I've actually managed to get this sh*t sorted several times over the past years. Prior THC consumption makes it kind of an "easy" feat though. So I guess I was cheating...this guy seems to be sober, albeit slightly "driven" *wink*...


----------



## Sa967St (Jul 5, 2011)

I love Nutella, but this was not that fun to watch.


----------



## choza244 (Jul 5, 2011)

oh, that man is a monster, I just entered in that "interactive seminar" that appeared in the recommended videos and saw him eat 3 hamburguers in less than 2 mins LOL


----------



## Edward (Jul 5, 2011)

http://tubedubber.com/#OENU9ZMEeww:KT0FFp4uPqo:0:100:0:0:true


----------



## ianography (Jul 5, 2011)

Why don't you guys like this? It's hilarious!


----------



## Andreaillest (Jul 5, 2011)

Furious pete! This guy. <3
Nutella. :tu
And he's actually far from being fat:


----------



## Selkie (Jul 5, 2011)

I think you have actually managed to find someone that goes through chocolate spread quicker than my wife seems to


----------



## TheCubeMaster5000 (Jul 5, 2011)

lol Suddenly, I don't feel hungry anymore....... This dude is a madman in a good way.


----------



## qqwref (Jul 5, 2011)

I agree wholeheartedly with this video. :tu


----------



## cubingbrazil (Jul 5, 2011)

FATSO


----------



## cubersmith (Jul 5, 2011)

qqwref said:


> I agree wholeheartedly with this video. :tu


 
That makes 2 :3


----------



## cuberkid10 (Jul 5, 2011)

Him eating the pound of butter is insane as well.


----------



## Zarxrax (Jul 5, 2011)

ew, nutella is so gross


----------



## 4EverCuber (Jul 5, 2011)

"that is disgusting" Russell Peters impression of his father.


----------



## joyceking (Jul 22, 2011)

I love it


----------



## Phlippieskezer (Jul 22, 2011)

Umm...

Why?

Also, I'd do it, but with a jar of peanut butter (granted I have parental approval - unlikely).  I'm a peanut butter FIEND...


----------



## Enter (Jul 22, 2011)

nom nom nom


----------



## professoralpha7 (Jul 22, 2011)

looks like chocolate


----------



## Akuma (Jul 22, 2011)

Compared to the ammounts of calories EpicMealTime cooks and eats, that guy is pathetic.
Eating a whole jar of Nutella requires no effort what so ever.

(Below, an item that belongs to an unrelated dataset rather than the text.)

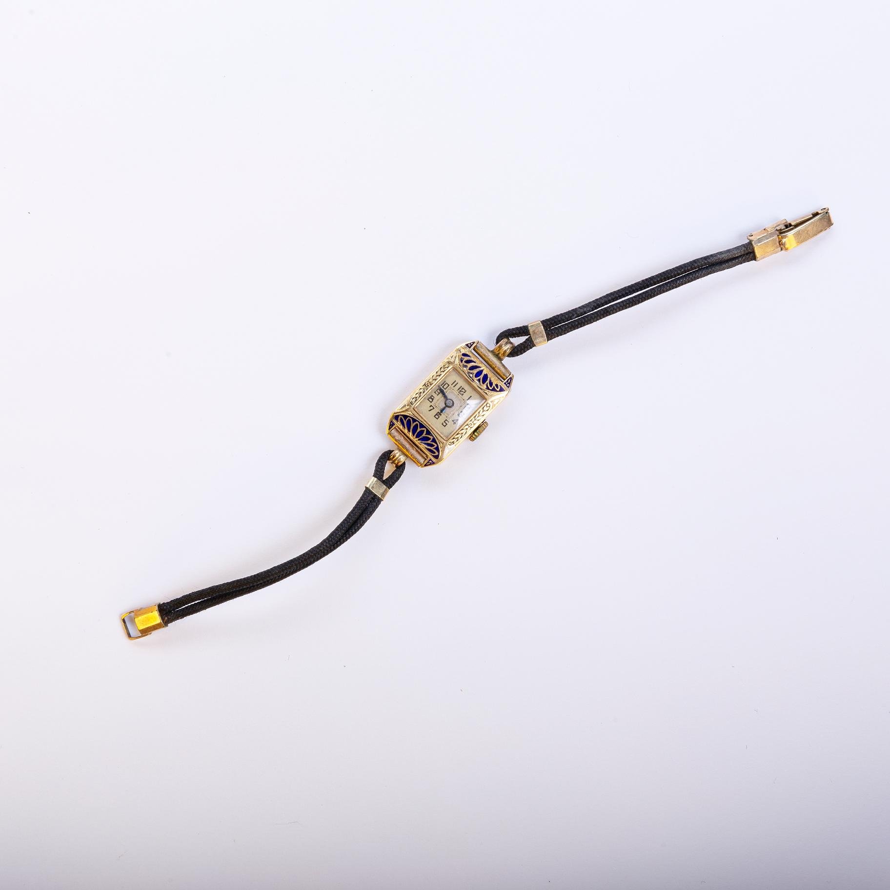 Reloj pulsera art decó para dama con caja en oro 18 K amarillo y esmalte azul y blanco, con cascaduras en esmalte. Malla en hilo trenzado. Medidas de caja 26 x 14 cm. No funciona.
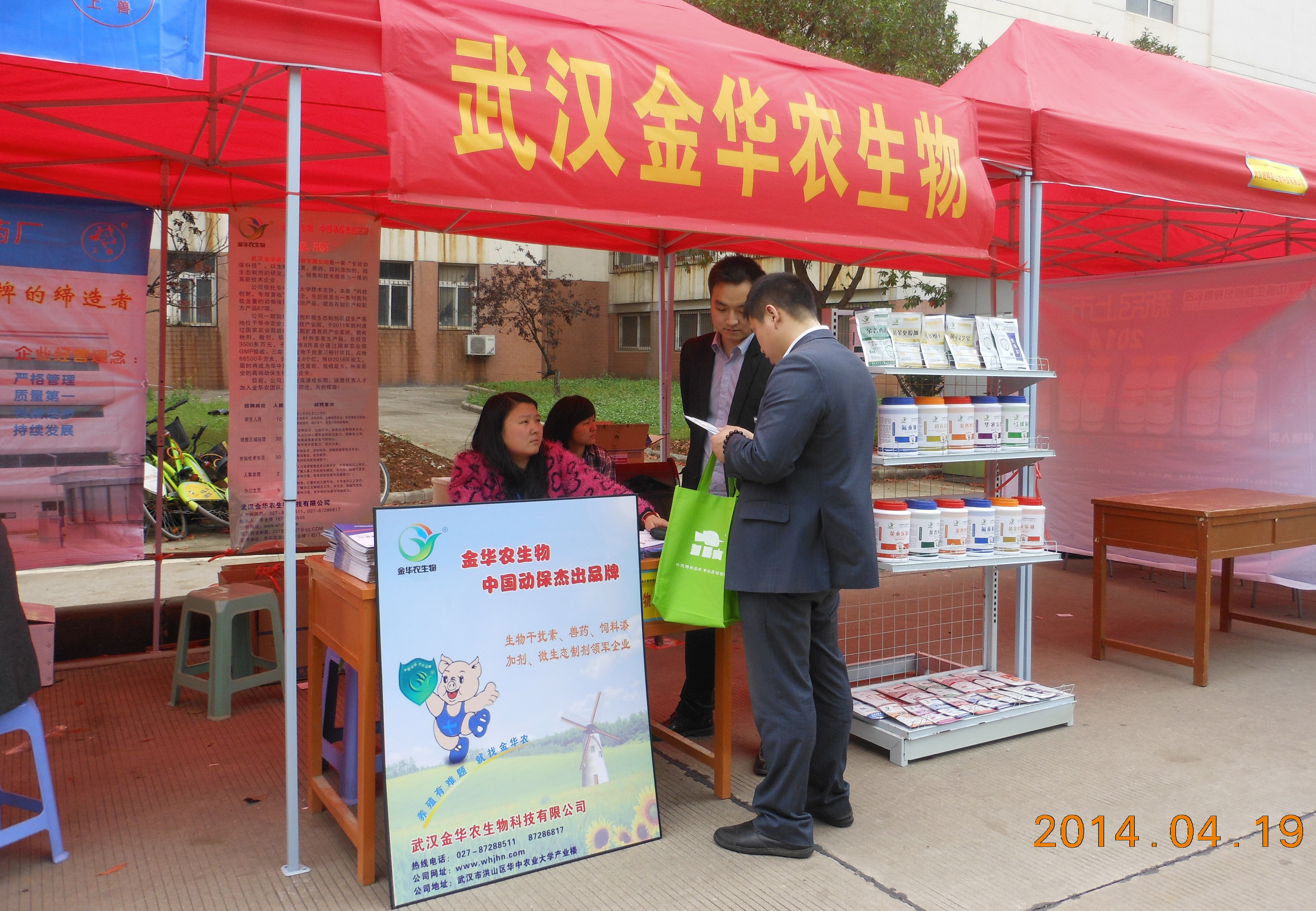? ?4月19-20日,第十五屆全國規(guī)?;i場主要疫病監(jiān)控與凈化研討會在華中農(nóng)業(yè)大學(xué)勝利召開,公司作為特邀嘉賓參會。在本次會議上,公司拳頭產(chǎn)品“藍圓瘟毒克、金替呼諾、氟泰肺寧、肝腎舒寧、附優(yōu)金樂”等得到專家們的大力推薦,并獲得參會經(jīng)銷商代表的高度關(guān)注。會場活動中,廣大養(yǎng)殖戶朋友對“金華農(nóng)”系列產(chǎn)品的優(yōu)質(zhì)療效和專業(yè)技術(shù)服務(wù)一致認可和肯定。???????

Making a 10k kcal burger and consuming it, now THAT takes effort!


----------



## Olji (Jul 22, 2011)

Akuma said:


> Compared to the ammounts of calories EpicMealTime cooks and eats, that guy is pathetic.
> Eating a whole jar of Nutella requires no effort what so ever.
> 
> Making a 10k kcal burger and consuming it, now THAT takes effort!


 
If you watched through his videos you can see that his things is to eat fast, not to consume as much calories as possible, although he have eaten some things I know I wouldn't be able to consume, like 2 pounds of butter, this or this


----------



## Bapao (Jul 22, 2011)

Oljibe said:


> If you watched through his videos you can see that his things is to eat fast, not to consume as much calories as possible, although he have eaten some things I know I wouldn't be able to consume, like 2 pounds of butter, this or this


 
I wonder if he pukes everything back out after he's done.


----------



## Erzz (Jul 22, 2011)

He purposely a whole jar of Nutella?
wat


----------



## Stefan (Jul 22, 2011)

Akuma said:


> Making a 10k kcal burger and consuming it, now THAT takes effort!


 
Where can I see that?


----------



## ElectricDoodie (Jul 22, 2011)

Phlippieskezer said:


> Umm...
> 
> Why?





Erzz said:


> He purposely a whole jar of Nutella?
> wat


He's a professional Competitive Eater. Training.




professoralpha7 said:


> looks like chocolate


I'm guessing you don't know what Nutella is.




Akuma said:


> Compared to the ammounts of calories EpicMealTime cooks and eats, that guy is pathetic.
> Eating a whole jar of Nutella requires no effort what so ever.
> 
> Making a 10k kcal burger and consuming it, now THAT takes effort!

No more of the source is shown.